Die Ursachen sind noch unbekannt, ein Auftreten des Syndroms wird jedoch bei Migräne, Temporallappen-Epilepsie, Hirntumoren, Epstein-Barr-Virus oder halluzinogenen Substanzen beschrieben. Eine Behandlung besteht daher durch Migräneprophylaxe.

Hypertrichose

Der Ursprung des Werwolf-Mythos liegt möglicherweise bei Patienten mit einer Hypertrichose. Bei dieser Krankheit kommt zu einem übermäßigen Haarwuchs an lokal begrenzten Stellen oder am gesamten Körper. Das Fortbestehen der fetalen Lanugohaare kann zur Hypertrichosis universalis führen. Da es sich hierbei um eine autosomal dominant vererbte Erkrankung handelt, tritt sie familiär gehäuft auf.8

Historisch wurden Menschen mit extremer Körperbehaarung immer wieder als Kuriositäten in Zirkussen oder auf Jahrmärkten präsentiert. Der älteste Fall in Europa ist aus dem 16. Jahrhundert über Petrus Gonsalvus und seine Tochter Tognina überliefert.
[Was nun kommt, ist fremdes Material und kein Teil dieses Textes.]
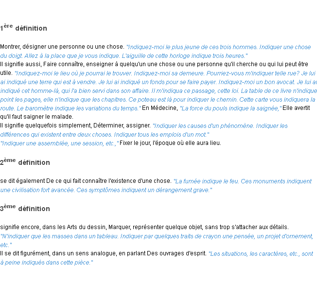 Définition « indiquer » du dictionnaire académique Français, parution de l’année 1932.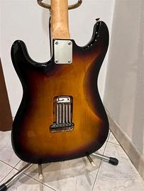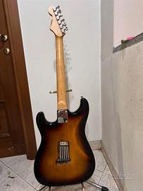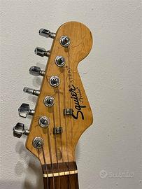 Chitarra elettrica Squier Stratocaster della serie Affinity prodotta nel 2005, il modello ST-100 in una bellissima tonalità di Sunburst. Presenta un difetto sulla parte frontale dove si è staccato un piccolo pezzo di vernice, per il resto è in ottime condizioni, il ponte a 6 viti e il battipenna ingiallito le donano un aspetto "datato". Possibilità di spedizione

Eine Hypertrichose kann auch als unerwünschte Nebenwirkung von Medikamenten auftreten, ein Beispiel ist das Bluthochdruckmittel Minoxidil.

  1. Fibrodysplasia ossificans progressiva. Genetics Home Reference.
  2. Park H et al. Aquagenic Urticaria: A Report of Two cases. Ann Dermatol 2011: 23(S3): S371-S374.
  3. Charland-Vervielle V et al. Brain dead yet mind alive: A positron emission tomography case study of brain metabolism in Cotard’s syndrome. Cortex 2013; 49(7): 1997-1999.
  4. Ullah W et al. Rapunzel syndrome: a rare cause of hypoproteinaemia and review of literature. BMJ Case Reports 2016 Sep 26; 2016.
  5. Sarva H et al. Pathophysiology and Treatment of Alien Hand Syndrome. Tremor Other Hyperkinet Mov 2014; 4: 241.
  6. Ay H et al. Sensory alien hand syndrome: case report and review of the literature. J Neurol Neurosurg Psychiatry 1998; 65: 366-369.
  7. Weissenstein A et al. Alice in Wonderland syndrome: A rare neurological manifestation with microscopy in a 6-year-old child. J Pediatr Neurosci 2014; 9(3): 303-304.
  8. Andrade Silveira LM et al. Do you know this syndrome? An Bras Dermatol 2013; 88(3): 473-475.